Problem: From the first line of the entries below through the line holding "火曜日朝:残った餃子のホウレンソウカレー | |", write out every line exactly, please, and leave out the pictures.

Records supplied:
==*==
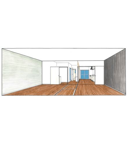 広さ20畳のリビングを、あえてシンプルな色合いでまとめ、奥行きを感じるようにしました
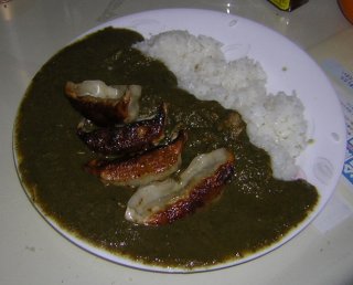 火曜日朝:残った餃子のホウレンソウカレー | |
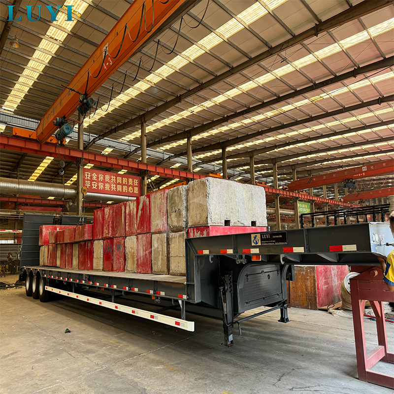 Der wichtigste Teil der Inspektion – die 100-Tonnen-Lastdemonstration – sah die3-Achs-Schwanenhals-Tieflader-Sattelaufliegerim Mittelpunkt stehen. In der Werkstatt wurden mit Gewichten gekennzeichnete schwere Gegenstände mit Kränen geordnet auf die Ladefläche des 3-Achs-Schwanenhals-Tiefladers gehoben. Als die Last zunahm, überwachten die Kunden genau die Rahmenverformung, den Reifendruck und die Rückmeldung des Federungssystems des dreiachsigen Schwanenhals-Tiefladers. Am Ende hielt der dreiachsige Schwanenhals-Tieflader-Auflieger das 100-Tonnen-Gewicht ohne nennenswerte Verformung des Aufbaus stabil aus, und die Federung und die Achsen arbeiteten stabil. Es bewies seine Tragfähigkeit mit Stärke und gewann die Anerkennung der Kunden.
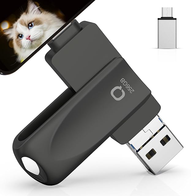 【アプリ不要 2025年大歓迎モデル】iPhone対応 USBメモリ アプリ不要 256GB 4in1 iPad対応 usbメモリー 高速 データ バックアップ iOS/USB/Type-C/Micro USB搭載 外付け usb 写真保存 スマホ容量不足解消 回転式 Phone/PC/Android/Mac/ipad対応 黒 Phone 15/14/XS/Pad Air/Proなど対応
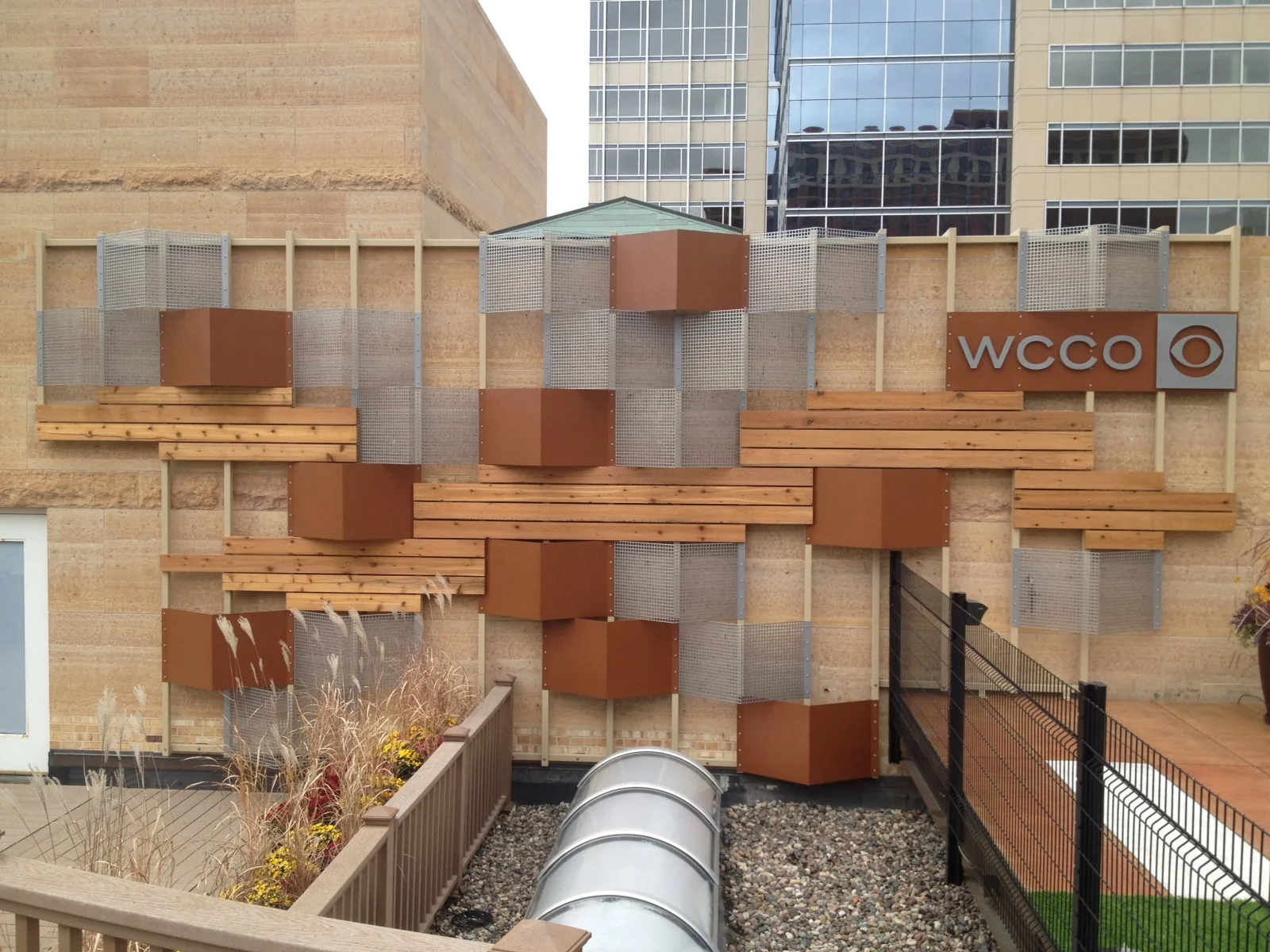 Custom wall sculpture for roof top deck of WCCO downtown Minneapolis.
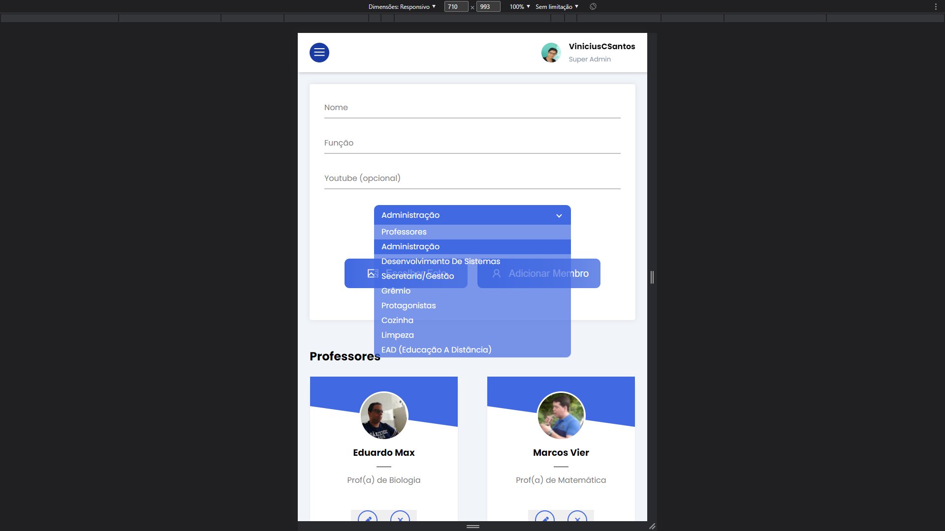Responsive dashboard project developed for the ETE school.
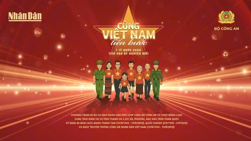 Nhân kỷ niệm 80 năm Cách mạng Tháng Tám (19/8/1945 - 19/8/2025), Quốc khánh 2/9 (2/9/1945 - 2/9/2025), Ngày truyền thống Công an Nhân dân Việt Nam (19/8/1945 - 19/8/2025) và 20 năm Ngày hội toàn dân bảo vệ an ninh Tổ quốc (19/8/2005 - 19/8/2025), Báo Nhân Dân phối hợp Bộ Công an phát động Chương trình đi bộ toàn quốc "Cùng Việt Nam tiến bước".
==*==
Response:
 広さ20畳のリビングを、あえてシンプルな色合いでまとめ、奥行きを感じるようにしました
 火曜日朝:残った餃子のホウレンソウカレー | |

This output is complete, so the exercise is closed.